CHEN Yu, SHANG Yi, MO Yuanhao, JIN Xiang. Intelligent Power Electronics Design: A Collaborative Framework of Deep Reinforcement Learning and Large Language Models with Applications[J]. Journal of Electrical Engineering, 2025, 20(5): 24-34. DOI: 10.11985/2025.05.003
Citation: CHEN Yu, SHANG Yi, MO Yuanhao, JIN Xiang. Intelligent Power Electronics Design: A Collaborative Framework of Deep Reinforcement Learning and Large Language Models with Applications[J]. Journal of Electrical Engineering, 2025, 20(5): 24-34. DOI: 10.11985/2025.05.003

Intelligent Power Electronics Design: A Collaborative Framework of Deep Reinforcement Learning and Large Language Models with Applications

  • Power electronics design serves as the foundation for power electronic equipment development. The implementation of intelligent power electronics design can significantly improve research and development efficiency while reducing costs. However, power electronics design tasks inherently involve multi-step decision-making characteristics, which puts forward higher requirements for the design of algorithms. A collaborative design framework that integrates deep reinforcement learning(DRL) with large language models(LLMs) is proposed.

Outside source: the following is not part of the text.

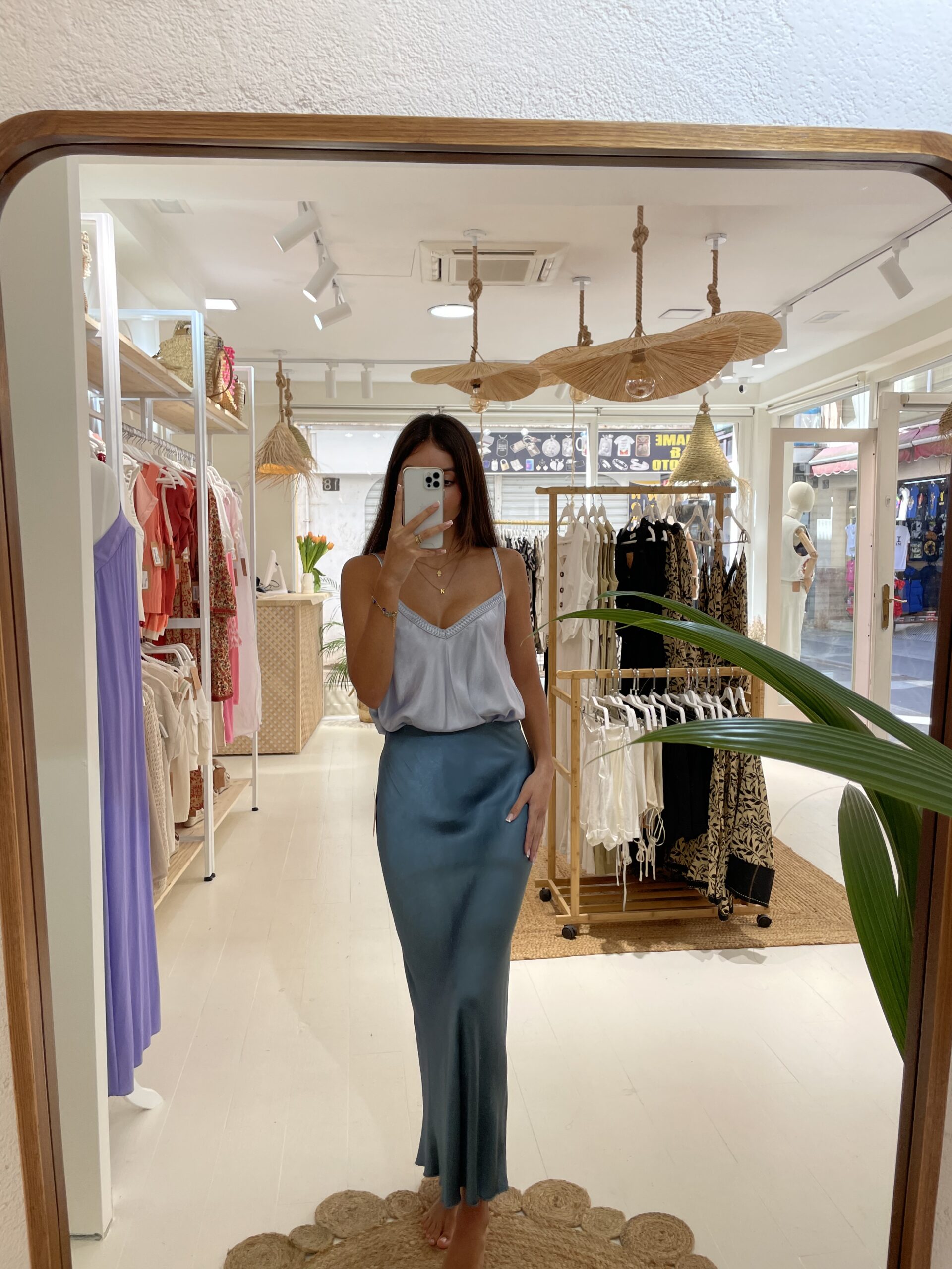 Combínalo con sandalias planas y bolsos de rafia para acentuar su estilo boho chic.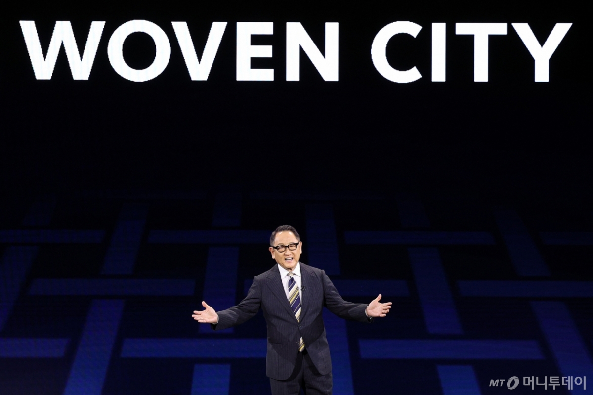 (라스베이거스(미국)=뉴스1) 토요타 아키오 토요타자동차 회장이 세계 최대 IT(정보기술)·가전 전시회 'CES 2025' 개막을 하루 앞둔 1월 6일 오전(현지시간) 미국 네바다주 라스베이거스 만달레이베이 컨벤션센터에서 열린 토요타 프레스 콘퍼런스에서 기조 연설을 하고 있다. 2025.1.7/뉴스1 Copyright (C) 뉴스1. All rights reserved. 무단 전재 및 재배포, AI학습 이용 금지. /사진=(라스베이거스(미국)=뉴스1) 신웅수 기자

The methodology first employs LLMs to interpret natural language design requirements and generate initial states for DRL. Subsequently, through DRL’s reward-driven mechanism, the system performs trial-and-error iterations on these initial states to ultimately obtain design solutions that maximize rewards, which fully satisfies design requirements and constraints. This synergistic framework achieves complementary advantages by addressing the limitations of LLMs in vertical domain knowledge and generation accuracy, while simultaneously mitigating the challenges of large search spaces, low training efficiency, and convergence difficulties in DRL. The framework is validated through two typical applications: power electronics topology generation and layout/routing design, with experimental results demonstrating its effectiveness. Further research should explore algorithmic optimization, task-algorithm alignment, and inherent limitations to enhance the framework’s robustness and scalability.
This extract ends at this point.